2.10.2. 文字列#
Perl は正規表現を使った文字列操作に強く、同じ処理でも複数の書き方が可能な自由度の高い言語です。そのため、ファイルに保存された配列やタンパク質データを処理するのが容易で、かつてはバイオインフォマティクス分野で広く利用されていました。
過去形で語られるあたりに、歴史を感じてください。
2.10.2.1. 文字列検索#
文字列検索には index と rindex があり、前者は先頭から、後者は末尾から検索します。1 番目の引数に検索対象、2 番目の引数に検索したい文字列を指定します。検索がヒットすると開始位置のインデックスが返り、ヒットしなければ -1 が返されます。

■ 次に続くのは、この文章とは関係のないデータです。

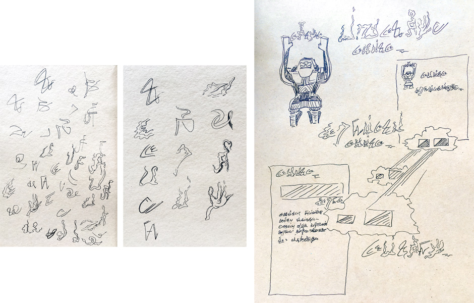 In diesem Kurs werden wir die freien Assoziationen, die beim “Füllen der Leere” hervorgerufen wurden, nutzen, um weiter mit konstruierten Sprachen zu experimentieren. Asemisches Schreiben ist die Handlung, durch die der Künstler eine persönliche Sprache erfindet, die dem Leser zum Ausfüllen und Interpretieren überlassen wird. Der Kurs beginnt mit einer kurzen Einführung in die Geschichte der Künstler, die ornamentale Sprache und das automatische Schreiben der Surrealisten verwenden. In einer Reihe von Übungen werden die Möglichkeiten automatischer Zeichentechniken, asemischer Alphabete und Verbindungen von Bildern und Beschreibungen, die offen für Interpretationen sind, erkundet. Die technischen Aspekte werden Fähigkeiten nutzen, die mit der kalligrafischen Feder in der Tuschezeichnung geübt wurden.“ (Text: Courtesy Emily Hunt)

インデックスは 0 から始まります。
my $dna = "CATTGTACGTCGCGTAGCCATGTACGTCGCAGT";
my $pos1 = index($dna, "TAC");
print $pos1;
## 5
print substr($dna, $pos1, 3);
## TAC
my $pos2 = rindex($dna, "TAC");
print $pos2;
## 22
print substr($dna, $pos2, 3);
## TAC
print index($dna, "XXX");
## -1
正規表現によるパターンマッチングも可能で、=~ 演算子を使って検索対象の文字列に正規表現を適用します。マッチ部分は後方参照で $1、$2 などとして取得できます。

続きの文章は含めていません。